Vintage pillboxes.



Gucci bag circa late '70s/early '80s.
I first started vintage-ing and thrifting in high school when before, going to shows, my best friend Meg and I would make requisite stops on a row of thrift stores to scrounge for baggy men’s trousers and fitted beaded cardigans — a very Annie Hall, pseudo post-punk affectation if there ever was one. Lately, I’ve been into digging around the outdoor Rose Bowl flea market where, most recently, I picked up some vintage postcards, pillboxes and a Gucci bag from the late ’70s/early ’80s (see above). You can also find Janet Jackson posters circa the “Control” era, unicorn pendants, and framed pictures of super-seductive centaurs who, upon closer examination, look a lot like Josh Hartnett. Flea markets are magical.
Secondhand shopping makes you reevaluate what it means to buy something “new.” Without those sturdy fancy bags — with handles and everything! — thrift store/vintage shopping usually means you’re carrying your secondhand silk scarves in a logo-less plastic shopping bag or toting around trinkets at the bottom of your oversized purse. The “glamour” of something brand spanking un-new is tarnished yet charming — if your shopping bag is any evidence — because while whatever you picked up is new to you, it was old(er) to someone else and probably needs a good Febrezing or two, not to mention a couple of disinfecting wipes. Shopping in the recession and digital age usually means scouring the web for the best deal and then anxiously awaiting a UPS package to pop up at the door, but flea marketing is all about the art of the unknown, unexpected and inexpensive: Good deals abound and one-of-a-kinds are the norm.
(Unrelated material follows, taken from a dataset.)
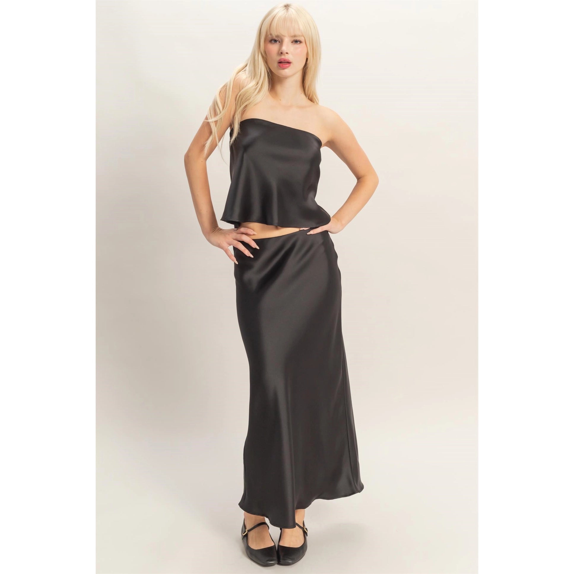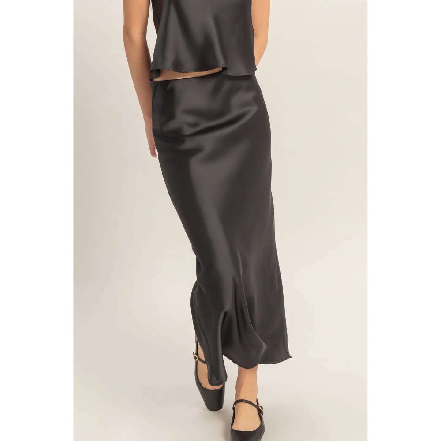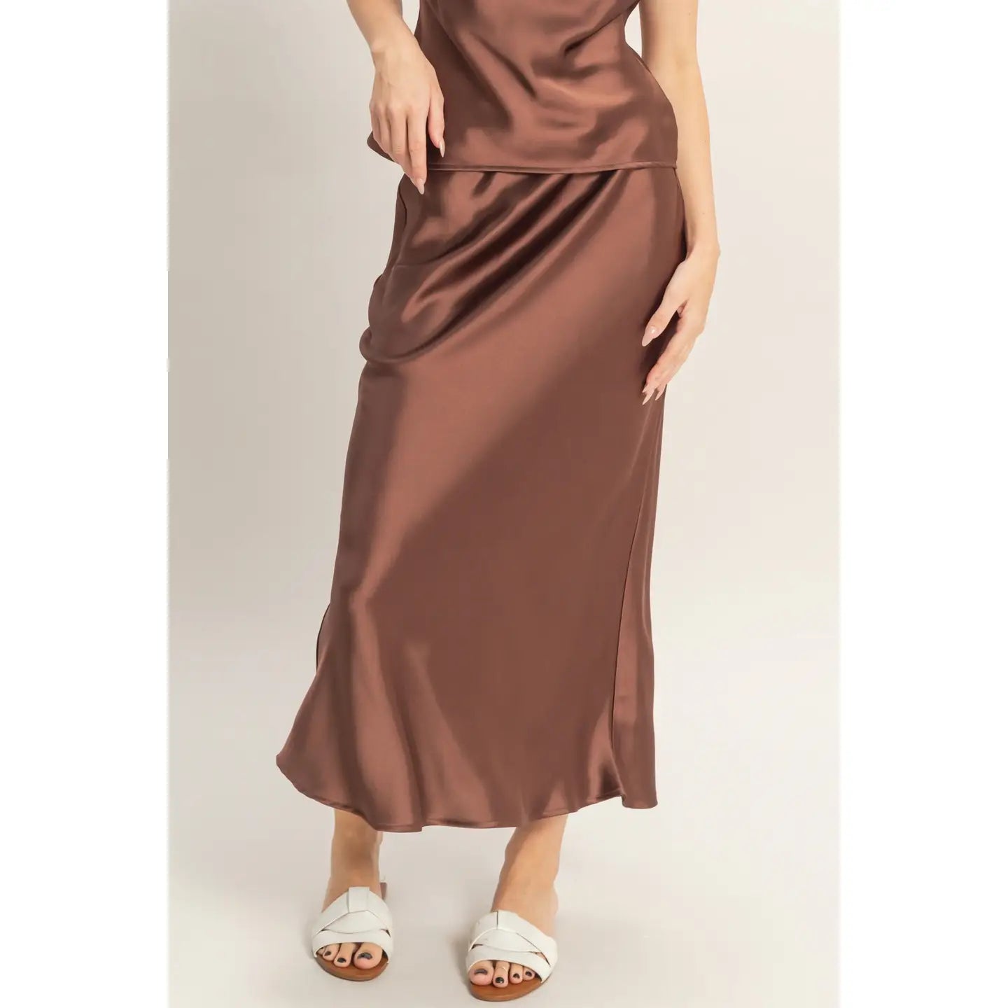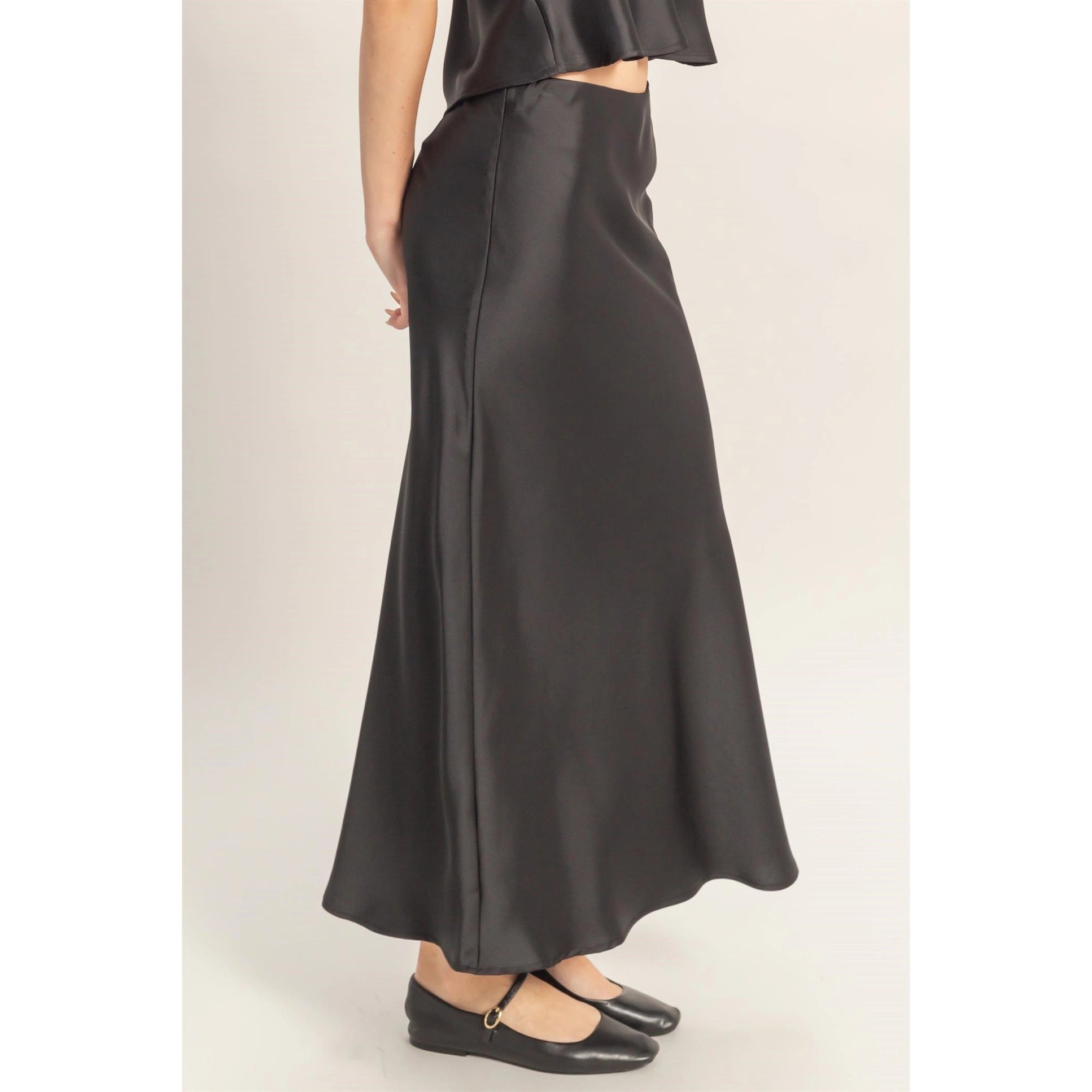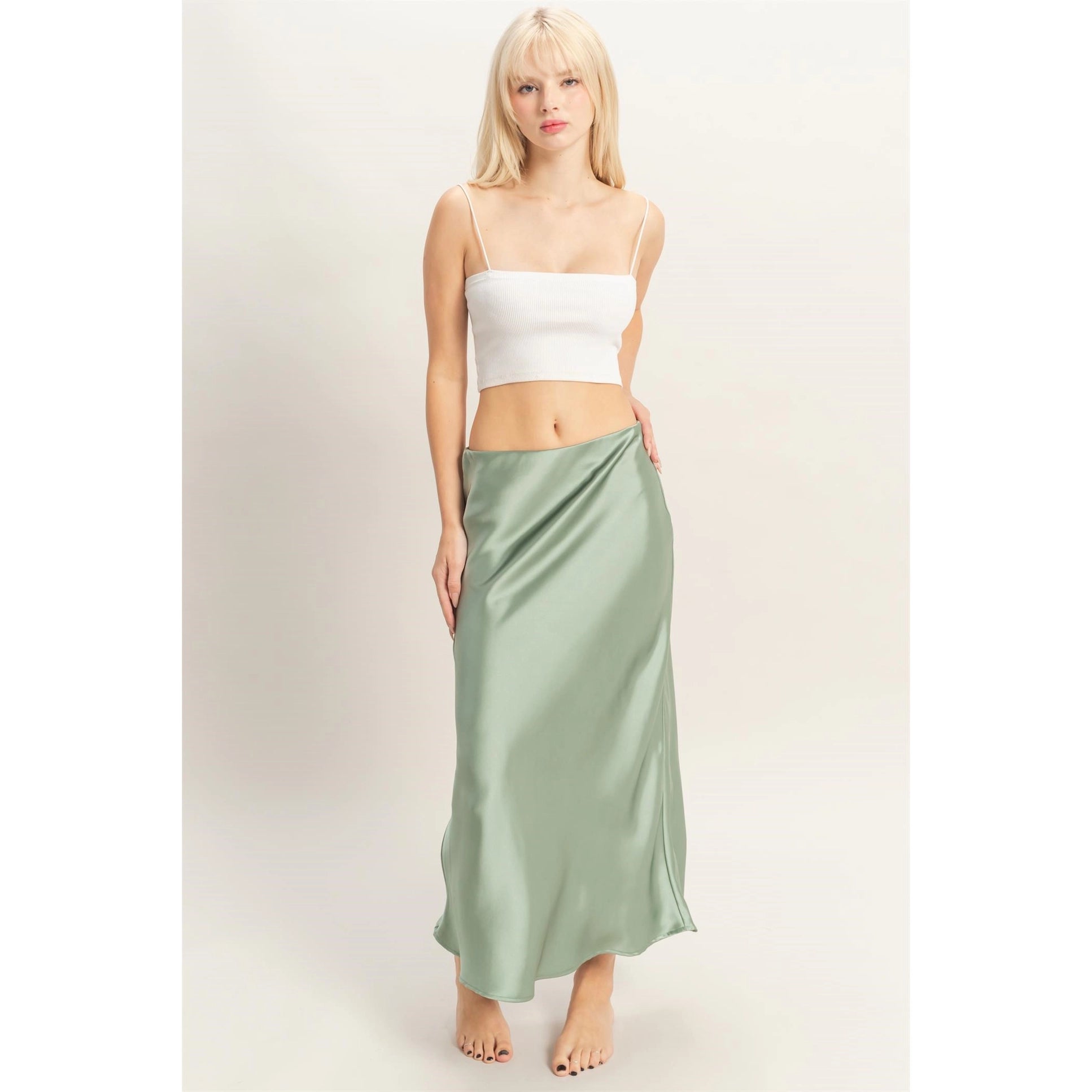 Soft shimmer meets effortless elegance in the Piper Satin Midi Skirt. Designed in a luminous cream satin with a subtle high-shine finish, this midi features a flattering high-rise elastic waistband and a bias-cut silhouette that skims the body beautifully. The silky, fluid drape creates an easy, feminine shape that moves with you — perfect for dressing up or styling casually.

Some people are ardently opposed to all of this which I can understand. It’s a little unnerving to be walking in someone’s old trousers or sipping chai from a single porcelain tea cup that, at one point, used to be part of a set and most likely, like, an actual home. I draw the line at buying old underwear (shudder) because residual herpes isn’t worth it, even at a discount. But I tend to think of these items as little orphans of someone’s life that I’ve effectively “rescued,” with cash no less, and take in as my own. I’m not sure of their origins or their “lives” previous (how’s that for a little shopping anthropomorphism!?) but I’d like to think they were interesting and meaningful. And herpes-less.